YOUR OBJECTIVE:
Copy without pictures. Please restate each line of the listing exactly.

STORED DATA:
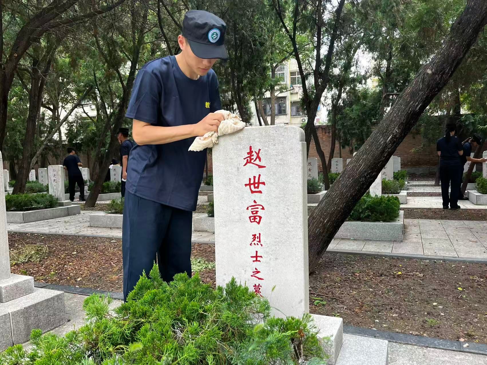 随后,全体人员分组有序开展清扫卫生、擦拭烈士墓碑工作。同学们细致清理着墓区的落叶与杂物,轻柔擦拭墓碑上的灰尘,每一个动作都饱含对先烈的敬仰之情,用实际行动守护英烈安息之地。
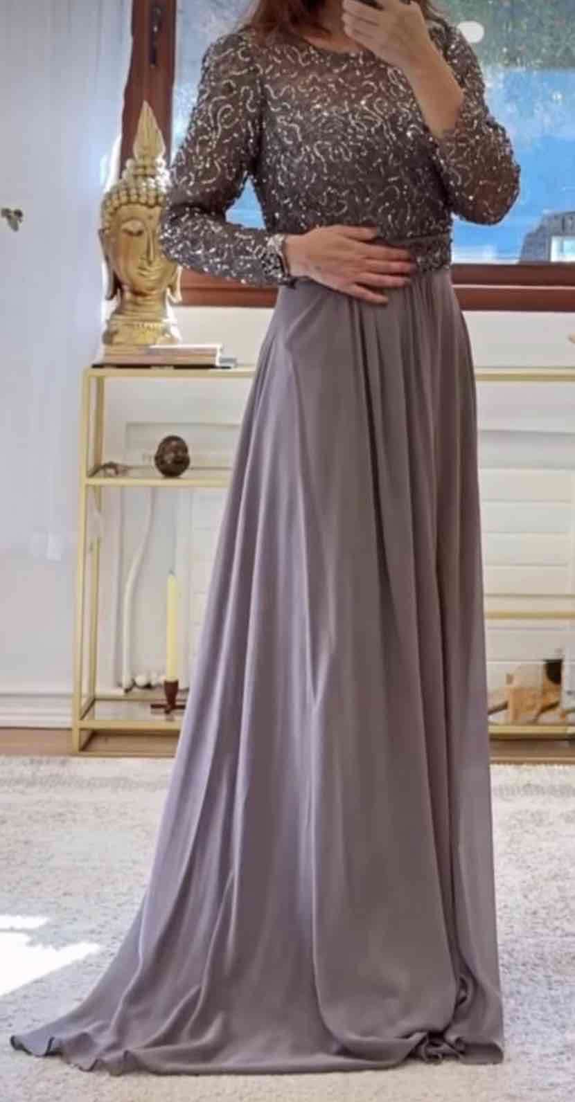 Elegante vestido largo de noche, color gris con detalles brillantes en el torso. Ideal para eventos de gala. Talla 36
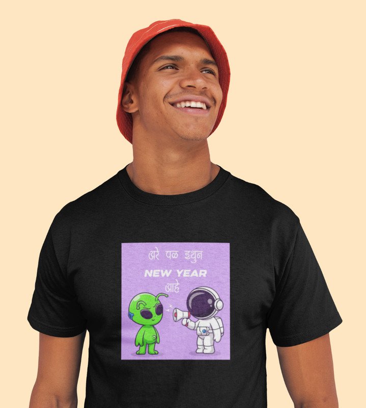 Run Away From Here Black New Year Printed T-shirt For Mens

REPLY:
 随后,全体人员分组有序开展清扫卫生、擦拭烈士墓碑工作。同学们细致清理着墓区的落叶与杂物,轻柔擦拭墓碑上的灰尘,每一个动作都饱含对先烈的敬仰之情,用实际行动守护英烈安息之地。
 Elegante vestido largo de noche, color gris con detalles brillantes en el torso. Ideal para eventos de gala. Talla 36
 Run Away From Here Black New Year Printed T-shirt For Mens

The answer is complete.